Riley, McNeill’s former offensive coordinator at East Carolina, hired his former boss to be an assistant head coach and a defensive assistant, and in 2018 he further tagged McNeill with an interim defensive coordinator title. For three years, McNeill helped Riley and Oklahoma make three straight College Football Playoff appearances.

However, in January, McNeill felt the need to return near his Lumberton, N.C., home. His father was ailing, and he felt the need to be a son again after coaching for 39 seasons. One of the first calls McNeill received was from Doeren, but it had nothing to do with the job that Doeren was envisioning.

“He just called to make sure I was all right, my dad was all right,” McNeill recalled.

McNeill said that call is reflective of the long-standing friendship between the two.

“That’s how it’s been,” McNeill confirmed.

The two first were acquainted in 1999 when Doeren was a graduate assistant at Southern Cal, and McNeill was a defensive line coach at Fresno State. Part of Doeren’s job as a GA was to show opposing coaches around.

“Visiting staffs come and go,” Doeren remembered. “Some of them treat you like you are the lowest and some of them treat you like you are an up-and-coming coach.

“The whole staff at Fresno that Ruffin was on, their defensive coaches came in and just treated me like gold.”

The two furthered their friendship when Doeren was an assistant at Kansas and McNeill at Texas Tech, rivals in the Big 12. Then they competed against each other when Doeren was hired at NC State, with McNeill’s Pirates getting the better of Doeren’s Wolfpack in 2013.

“Every time I talk to him, I smile,” Doeren confessed.

Both Doeren and McNeill repeated the phrase “sounding board” when asked how they saw McNeill filling a role on NC State’s staff. McNeill noted that being in the head coach’s chair is like being on a three-legged stool.

“It’s not four-legged,” McNeill added. “It rocks back and forth, sort of awkwardly. … I hope to be a balancing leg for that stool for him.”

McNeill added that he and Doeren have more than trust in each other. They have, what McNeill called, “verification of trust.”

From Doeren’s perspective, McNeill can help alleviate the load a head coach faces and allow him to actually get to what he most enjoys — coaching.

“As a head coach, lot of times you don’t get to coach,” Doeren noted. “Lot of times you get pulled out of your chair. Having someone who knows how to deal with those things, like Ruff, ... allows me to be more present when I want to be.”

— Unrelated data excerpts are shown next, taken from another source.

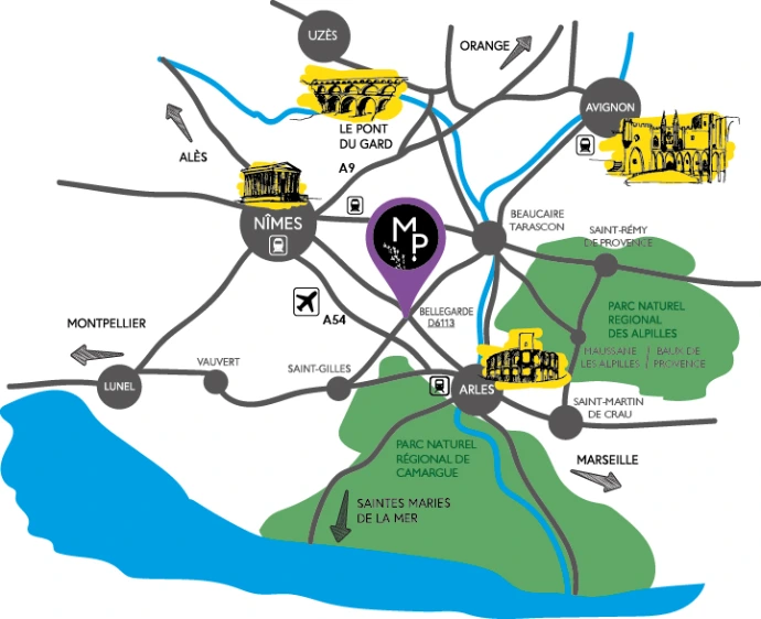 Dépasser Bellegarde en restant sur la D6113 en direction d'Arles.
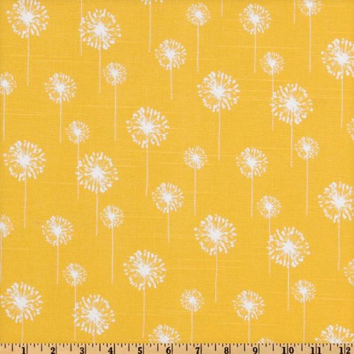Screen printed on cotton slub duck (slub cloth has a linen appearance) this versatile medium weight fabric is perfect for window accents (draperies valances curtains and swags) toss pillows bed skirts duvet covers slipcovers upholstery and other home decor accents. Create handbags tote bags aprons and more. Colors include ivory/white on a corn yellow background.Check its out related products of 54'' Wide Premier Prints Small Dandelion Slub White/Yellow Fabric By The Yard
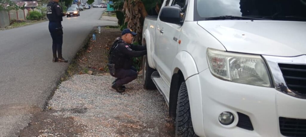 Al llegar al sitio, los oficiales observaron que el vehículo carecía de placas y de los distintivos correspondientes.
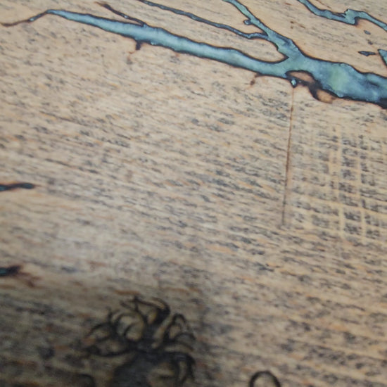 Chopping Board handmade from solid timber, featuring striking fractal burned patterns filled with shimmering turquoise epoxy resin. This board is not only practical but also a piece of art, designed to stand out in any kitchen.
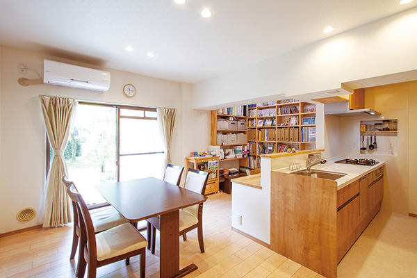 独立していたキッチンを一体化したLDK。廊下との仕切り壁もなくして広く開放的になった。子どもたちと一緒に立てるよう、キッチンの通路は幅を広めに設計。使い勝手の良いキッチンからは子どもたちが勉強したり遊んだりする様子を見守ることができる。

Thus everything came together for McNeill and Doeren to team up, somewhat similarly to how Doeren was able to hire his longtime friend Tim Beck as his offensive coordinator earlier in the offseason.

“Timing was kind of perfect,” Doeren admitted.

“This worked out, perfect concert with me being back home in my state to see my dad, and then have a chance to go work with Dave,” McNeill added.

McNeill also said, “It was more the right opportunity with the right people.”

The final result, in Doeren’s eyes, is a “win-win.”

“Knowing that I have a sounding board, a confidant, a friend, an established person, husband and father like Ruffin working for me, it’s a great day,” Doeren concluded.